_DATASET EXTRACT_
⁂
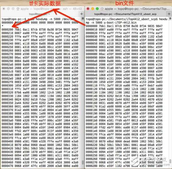 我们需要确定从tf/sd卡的第一个block开始处,确实正确烧写了u-boot-iTOP-4412.bin这个文件,下面我们对比一下,用到的命令同样还是hexdump。
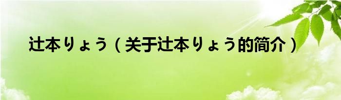 本文關于辻本りょう的簡介就講解完畢,希望對大家有所幫助。
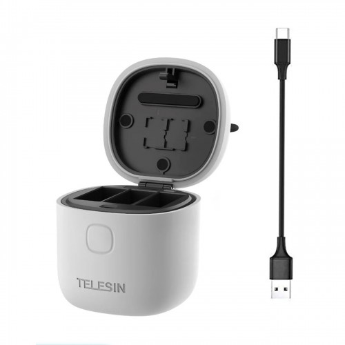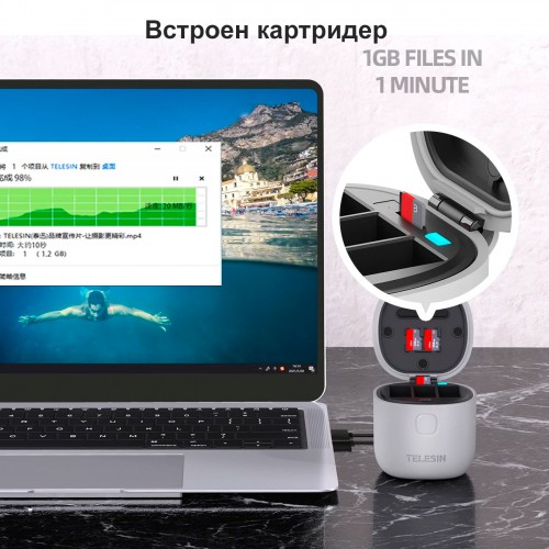 Зарядное устройство для GoPro HERO 12, 11, 10 и 9 Telesin Allin Box. Данное устройство позволяет заряжать одновременно до трёх аккумуляторов и даже передавать файлы с карты памяти на ваш компьютер. Есть дополнительные слоты для хранения карт памяти. Устройство комплектуется кабелем зарядки type-c.
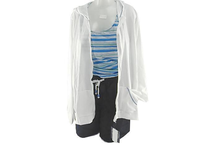 - レディース水着 4点セット ラッシュガード付き 大きいサイズ 8L ボーダー ホワイト
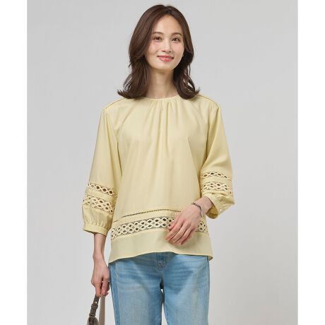 ■デザイン種類の異なる刺繍レースを贅沢にあしらった、華やかで涼しげなブラウス。ネックラインにタックを施すことで、デコルテをきれいに見せてくれます。ボディラインを拾いにくいゆとりあるシルエットが、気になる部分をカバーしてくれる、安心感のある着心地です。繊細な刺繍ディテールが春の空気とマッチして、女性らしい軽やかさのある着こなしにしてくれます。きれいめなパンツと合わせればオフィスシーンに、デニムと合わせれば大人の休日スタイルにと、オンオフ問わず活躍する1着です。カラーは、大人っぽく上品なオフ(#001)、顔周りをぱっと明るくするイエロー(#042)、爽やかで洗練された印象のダルブルー(#074)、シーンレスに活躍するネイビー(#075)の4色展開です。
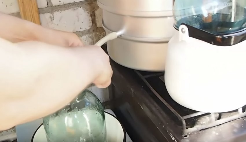 На рівні "соковідвідної" трубочки встановити попередньо простерилізовану банку.![]()
⁂
_WHAT NEEDS TO BE DONE_
Starting with the line above that holds "本文關于辻本りょう的簡介就講解完畢,希望對大家有所幫助。", restate each line word for word up to and including the line that holds "- レディース水着 4点セット". Drop the pictures.

_RESPONSE TO THIS TASK_
 本文關于辻本りょう的簡介就講解完畢,希望對大家有所幫助。
 Зарядное устройство для GoPro HERO 12, 11, 10 и 9 Telesin Allin Box. Данное устройство позволяет заряжать одновременно до трёх аккумуляторов и даже передавать файлы с карты памяти на ваш компьютер. Есть дополнительные слоты для хранения карт памяти. Устройство комплектуется кабелем зарядки type-c.
 - レディース水着 4点セット ラッシュガード付き 大きいサイズ 8L ボーダー ホワイト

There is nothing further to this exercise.